I mentioned last week that I was ordering the book Jesus for the Non-Religious by John Shelby Spong, the retired bishop of the Episcopal Diocese of Newark. I thought I should pass along my impressions.
This book is incorrectly titled. It’s about Jesus, but it is not written so far as I can tell for the non-religious. It appears to be directed to the very religious in fact, to convince them to take a harder look at what we actually know about Jesus.
Spong takes that look and concludes — surmises would be more accurate — that most of what we think we know about Jesus is simply untrue. He explains that much of what is found in the New Testament is based on writings in the Torah and other books of the Old Testament. He argues that Mark, Matthew, Luke and John, writing 40 to 70 years after Jesus died, were convinced that Jesus was the messiah and so elaborated on what little they actually knew by relying on Old Testament prophecy and Jewish liturgy to fill out the story. Spong doesn’t believe, for example, that Jesus was born in Bethlehem (he says Nazareth), that Jesus had a father (or stepfather) named Joseph (who knows), that Jesus was crucified at Passover (more likely later in the year), that Barabbas existed (in Hebrew the name means son of God) or that any of the miracles ascribed to Jesus make sense (get real people).
Clearly the story of the ascension is not history. When one rises into the sky, one does not get to heaven. One either goes into orbit or escapes the gravitational pull of the earth and drifts into the infinity of space.
The gospels were interpretative, not historical.
The question for Bishop Spong then becomes, what was it about this man Jesus that made him so special that a few decades later the gospel writers were telling his story embellished with the most profound Jewish liturgy?
The issue that this analysis has raised over and over again is that there must have been something about this Jesus that was so powerful that it seemed appropriate for his disciples to wrap around him the sacred symbols of their worship, the myths of their messianic expectations, the most sacred heroes of their tradition, magnified to supernatural proportions. There was something about him that caused them to conclude that the God in whom they believed was present in and somehow with the Jesus they had known.

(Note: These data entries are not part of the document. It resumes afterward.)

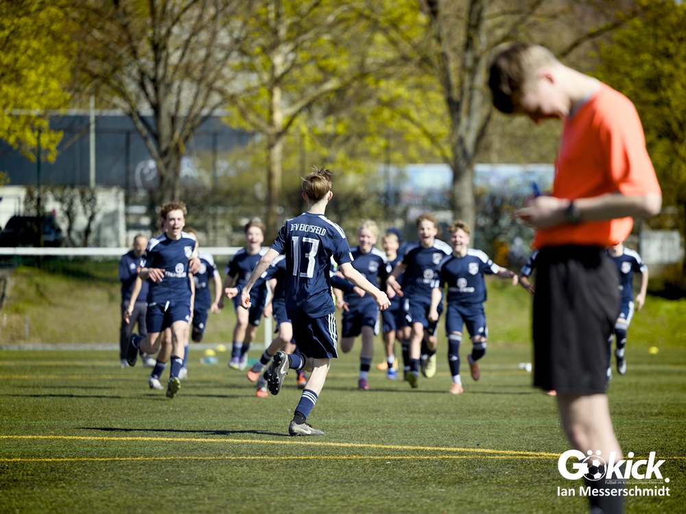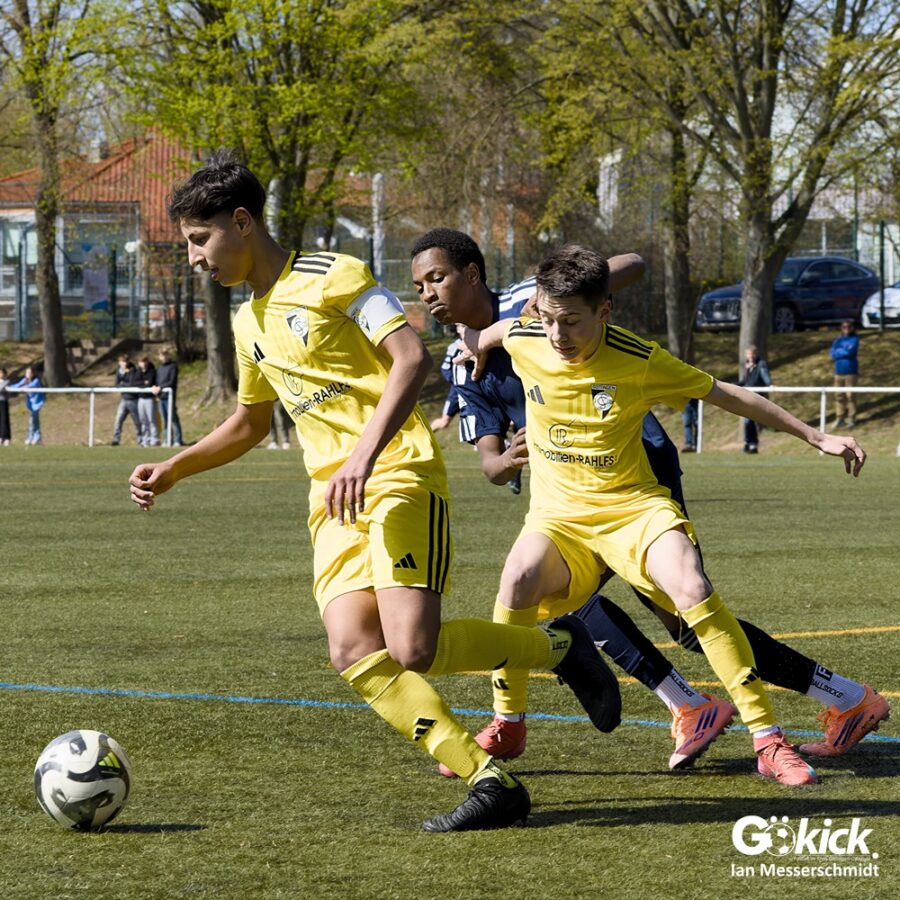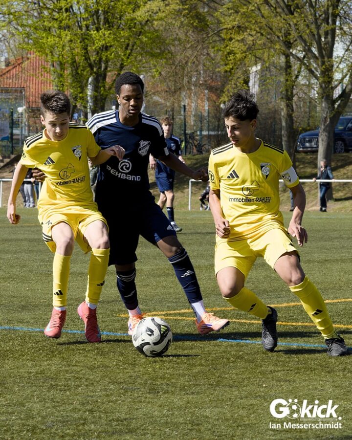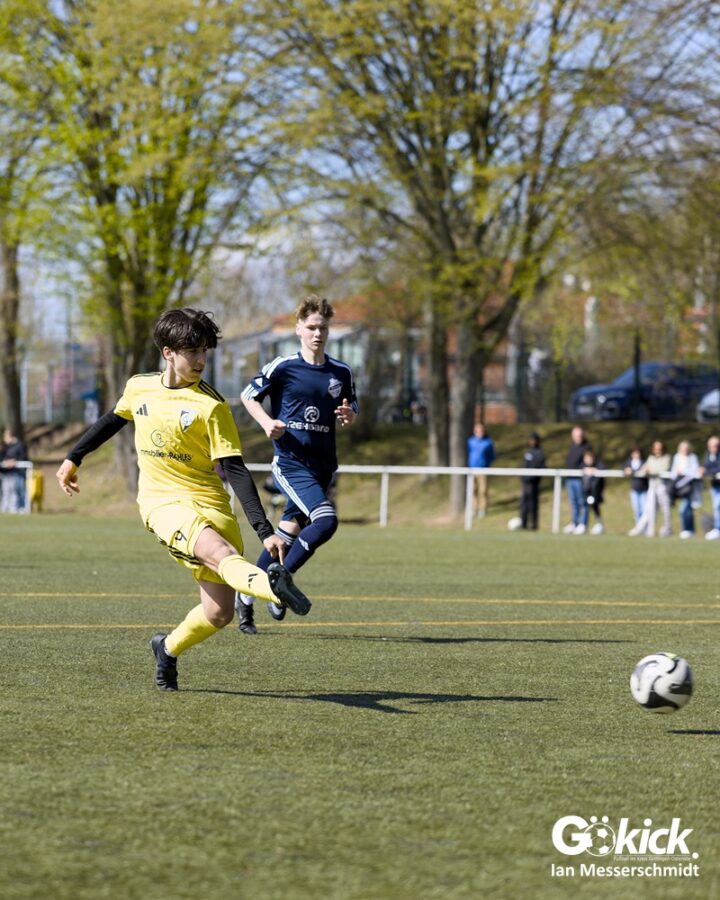 Der Gastgeber erwischte den besseren Start. Bereits in der 3. Minute brachte Titus Freckmann die Mannschaft von Trainer Serhat Yazici in Führung, nur zwei Minuten später erhöhte Noah Noel Kiy auf 2:0. Doch der JFV Eichsfeld zeigte sich unbeeindruckt vom frühen Rückstand. Moritz Felkl verkürzte in der 11. Minute, ehe Lennard Remin nur zwei Minuten später den Ausgleich erzielte. Mit dem 2:2 ging es nach 35 Minuten in die Pause.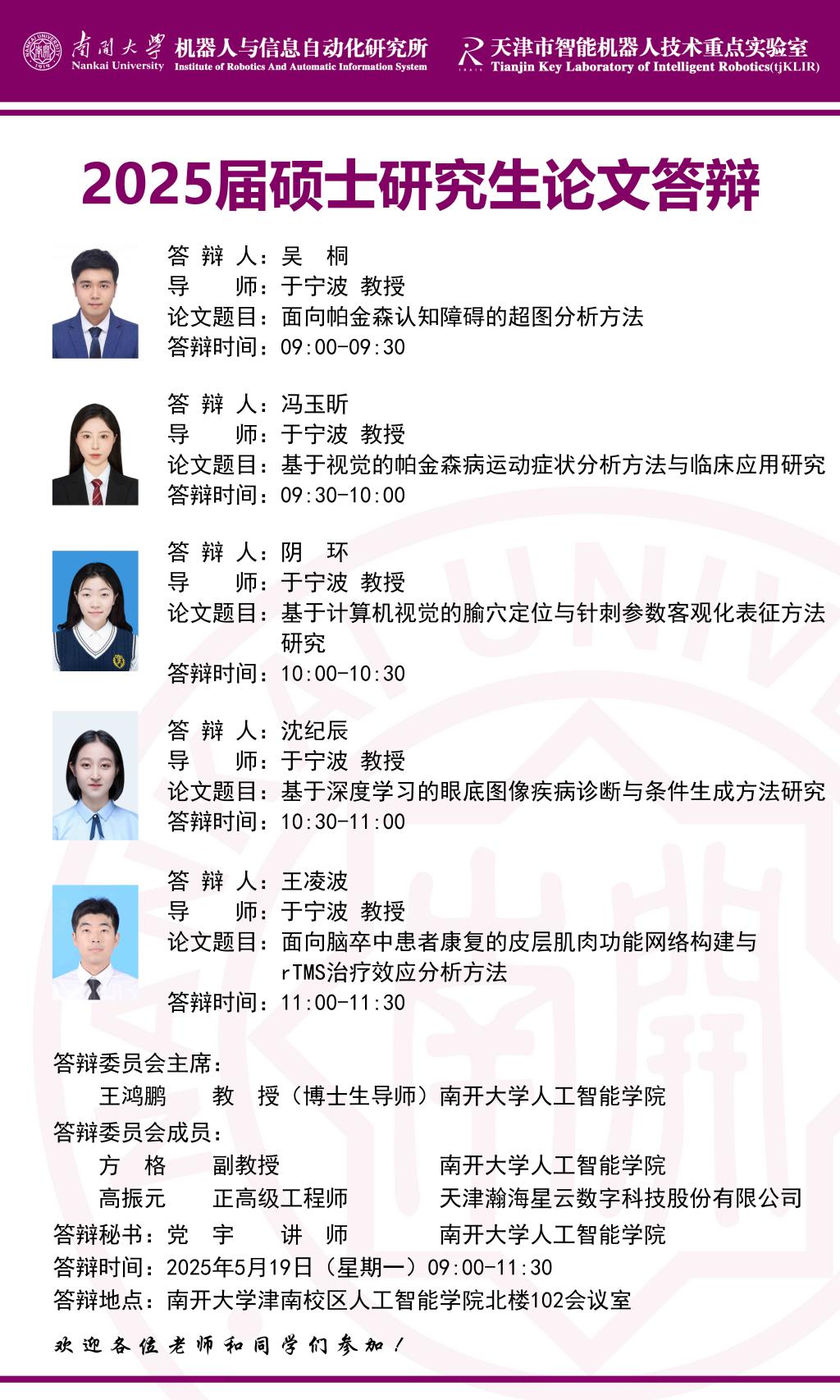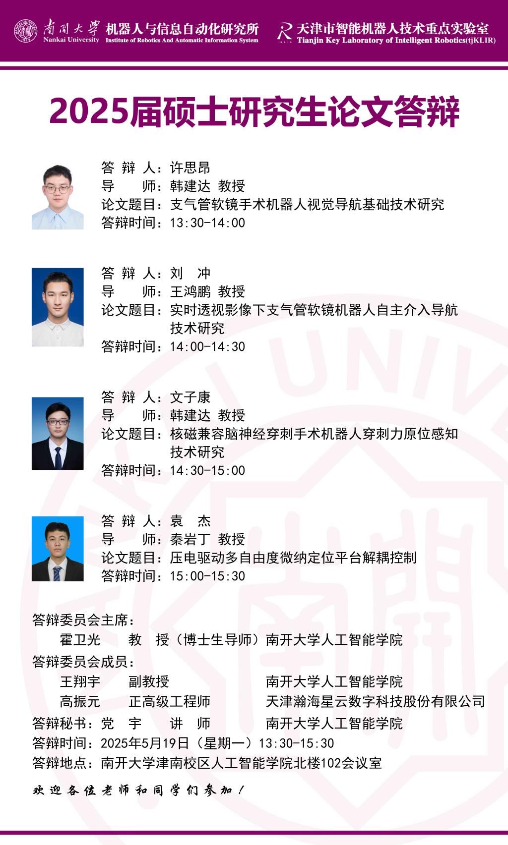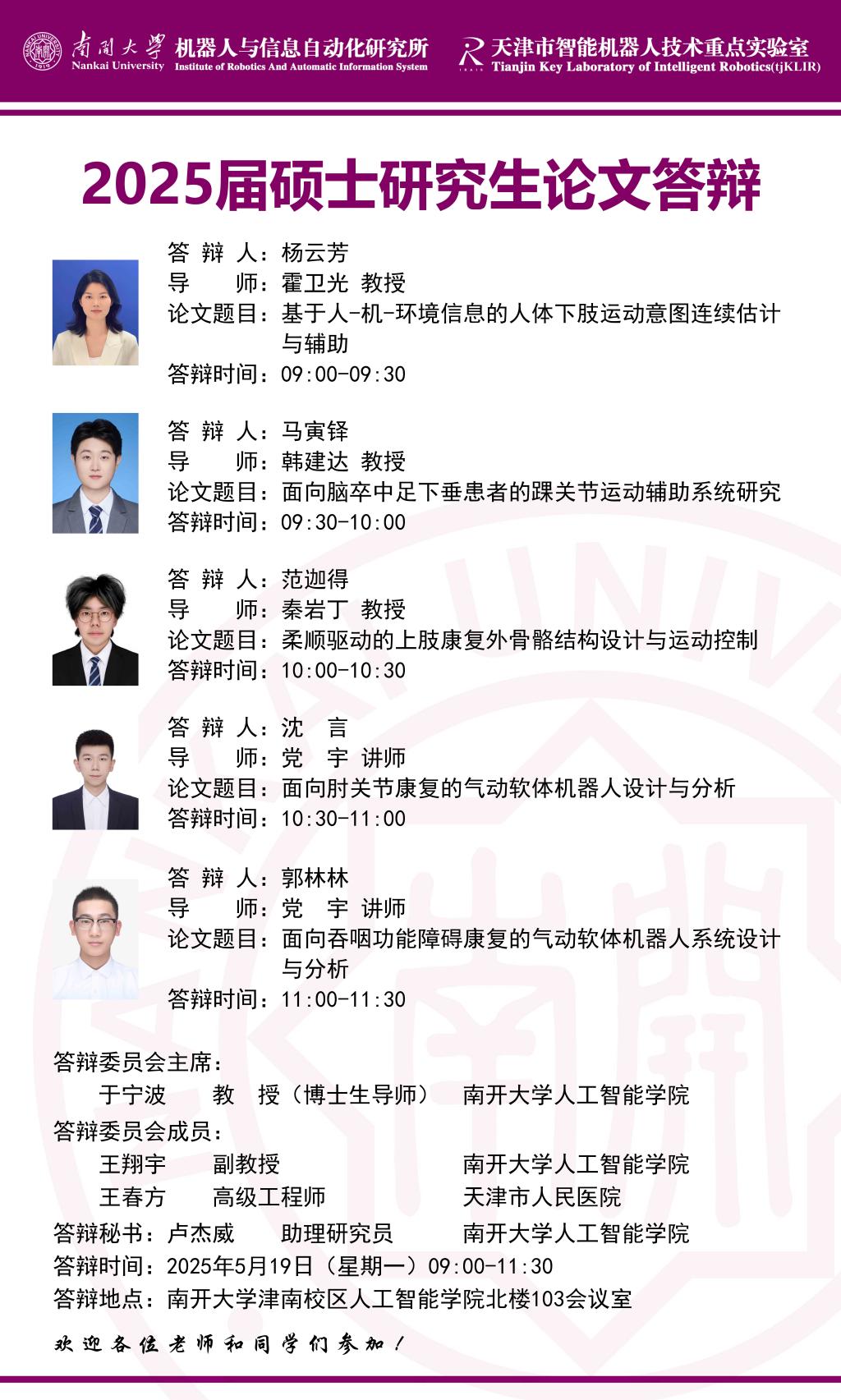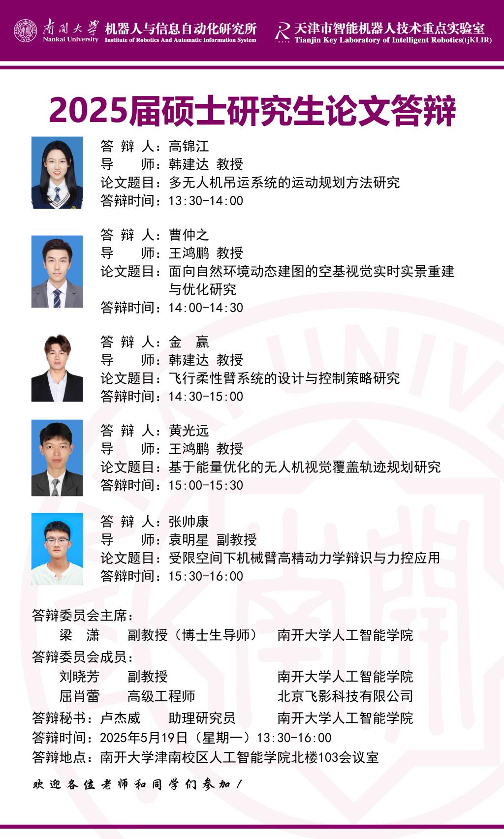 【答辩】今年会jinnianhui2025届夏季毕业答辩公告----机器人与信息自动化研究所(学硕+专硕)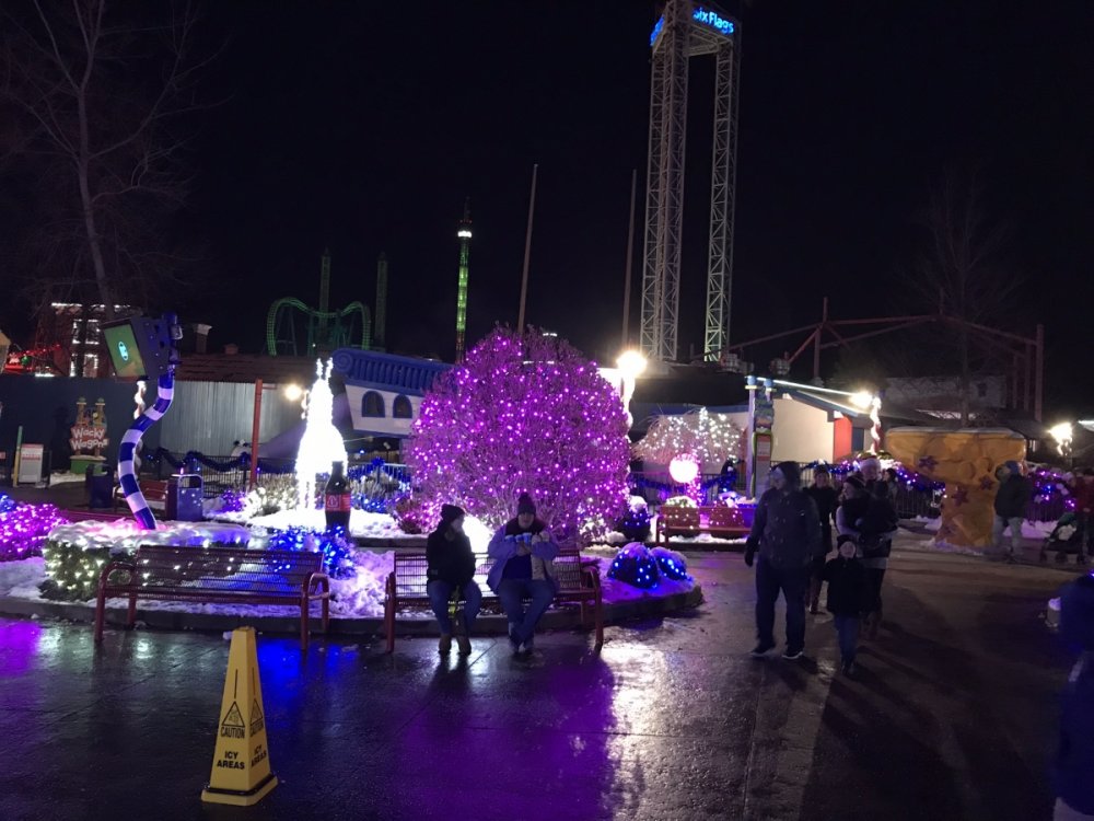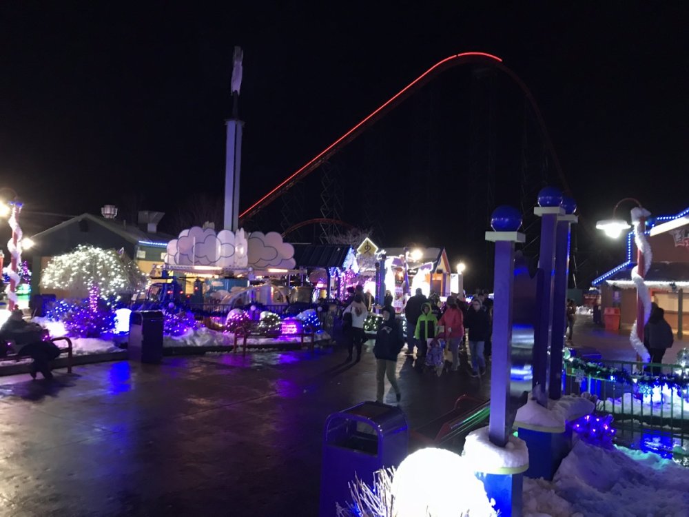 I just saw your post today but we were there last Sunday the 10th and the park looked great with all the snow......I was nice how they cleared it too by actually hauling it away rather than push it to the side.....they left landscaping untouched so the lights buried under the snow really made it look good.....we went back yesterday and they had lost some of it but it still looks good.....probably the only SF doing HITP with actual snow? IDK maybe Great Escape.... Carousel as you enter the park...... Cool ornament with Fireball in the back..... In the kiddie area with Superman lit up in the back..... Another view of cool ornament looking back the other way with Scream and Goliath in the back....

Spong’s answer is that Jesus overcame the tribal, racial, sexist and religious prejudices of his time, preaching an acceptance of all, a forgiveness to all, a “he who is without sin” approach to the human community. The goodness of his words, and his life, were overpowering to those that knew him. He wasn’t God, but he was made into a god.
The primary problem I had with this book are the leaps of faith Spong makes in his reasoning. Just because certain things are counterintuitive or unlikely does not mean they did not happen, however improbable. Just because certain passages in one text mirror those in an earlier text does not mean the later story must be untrue. To my thinking, if an individual arguing the opposite points made the same type of weak-tea arguments, I’d reject them. The same should apply here. Spong’s briefs would be thrown out of any court.
Nonetheless this is an interesting and provocative book that believers and non-believers alike might wish to read.